Ketika ditanya “Pernahkah anda mendengar (apa itu) Ramadan?”, Doris Sang, mahasiswa Universitas Washington, mengatakan sama sekali tidak tahu, sementara rekannya, Shoshana Billic, paham sedikit saja. Ia mengatakan bahwa sebatas yang diketahuinya Ramadan adalah bulan suci umat Islam.

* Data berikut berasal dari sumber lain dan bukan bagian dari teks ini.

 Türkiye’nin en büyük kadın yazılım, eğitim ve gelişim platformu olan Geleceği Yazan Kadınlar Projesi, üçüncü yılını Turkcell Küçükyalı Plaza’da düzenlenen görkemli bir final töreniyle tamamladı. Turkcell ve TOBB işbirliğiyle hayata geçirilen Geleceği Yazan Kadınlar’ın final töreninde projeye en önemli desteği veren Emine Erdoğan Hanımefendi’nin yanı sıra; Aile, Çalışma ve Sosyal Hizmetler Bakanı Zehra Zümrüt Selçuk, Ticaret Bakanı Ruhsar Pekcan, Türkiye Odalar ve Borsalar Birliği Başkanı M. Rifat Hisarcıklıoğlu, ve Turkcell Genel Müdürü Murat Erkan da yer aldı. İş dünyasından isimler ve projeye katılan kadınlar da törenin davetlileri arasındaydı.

Di sisi lain, ada non-Muslim Amerika yang sepintas tahu bahwa dalam bulan Ramadan Muslim menahan diri untuk tidak makan dan minum dari subuh sampai magrib sebulan penuh. Mereka juga tahu alasan berpuasa, yaitu karena Tuhan mewajibkannya atau untuk berempati kepada mereka yang kurang beruntung. Namun, kebanyakan dari mereka hampir tidak pernah mendengar alasan pokoknya, yaitu Ramadan adalah saat untuk mengendalikan kebutuhan badaniah, saat untuk melindungi dan menyucikan panca indera, dan saat untuk meningkatkan ketakwaan.
Dalam menyikapi ketidaktahuan ini banyak Muslim Amerika menggunakan kesempatan puasa Ramadan untuk merangkul komunitas di sekeliling mereka. Ashraf Sufi dan keluarganya yang tinggal di Topeka , Kansas, misalnya, kerap mengundang tetangga-tetangganya yang non-Muslim untuk berbuka puasa bersama. Ia mengatakan bahwa acara berbuka di rumahnya menjadi seperti dialog antar agama, karena seringkali kedatangan sekitar 70 orang, termasuk dari kelompok Nasrani, Yahudi, Budha, dan Bahai.

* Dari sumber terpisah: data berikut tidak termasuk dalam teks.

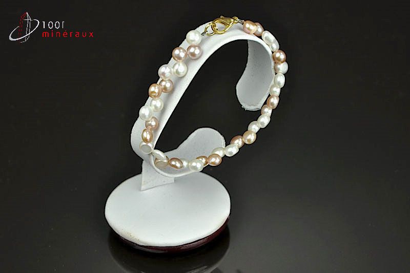 Bracelet enfant très élégant composé de perles Biwa plates de 5mm dans les tons de blanc et rose montées en alterné.

Kecenderungan warga Amerika untuk melakukan kerja sukarela juga mempengaruhi cara Muslim Amerika menjalankan tradisi Ramadan, seperti yang dilakukan Nabila Mango, pekerja sosial di San Fransisco. Ia mengatakan bahwa sejak enam tahun belakangan acara buka puasa yang dikelolanya di distrik Tenderloin menarik sekitar 100 sukarelawan dari beragam latar belakang agama.
Upaya untuk memberi pemahaman tentang Ramadan juga aktif dilakukan asosiasi mahasiswa Muslim di berbagai kampus melalui program yang disebut Fast-a-thon. Kegiatan sosial yang bertujuan memberi pemahaman mengenai isu kelaparan dan sekaligus cara hidup Muslim itu mengajak mahasiswa non-Muslim berpuasa sehari penuh seperti yang dilakukan Muslim sebulan penuh.
Meskipun banyak pemberitaan yang kurang berimbang mengenai Islam, upaya untuk memberi pemahaman Ramadan ditanggapi positif. Tahun lalu, lebih dari 250 universitas di seluruh Amerika menggelar kegiatan Fast-a-thon, bahkan banyak dari lembaga pendidikan tinggi itu juga menyediakan fasilitas untuk sholat tarawih.
Pada tingkat yang lebih tinggi upaya untuk memahami Ramadan juga nampak jelas. Gedung Putih dan berbagai lembaga pemerintahan Amerika lainnya, seperti Departemen Luar Negeri dan Departemen Pertahanan, sejak beberapa tahun terakhir ini mengadakan acara buka puasa bersama.
Jadi, dengan membuka diri, non-Muslim di Amerika bukan saja lebih mudah memahami Ramadan, tetapi juga bisa menepis pandangan keliru tentang Islam, seperti yang dikatakan Hassan Hatim, mahasiswa Muslim di Universitas Washington.
“Dunia Barat adalah tempat terbaik untuk mengubah pandangan apa pun, baik atau buruk. Di sini ada berbagai sumber informasi serta dukungan dan orang Barat terbuka untuk mendengar. Apa yang kita lakukan di sini akan bergema ke seluruh dunia. Itu adalah tanggung jawab kita.”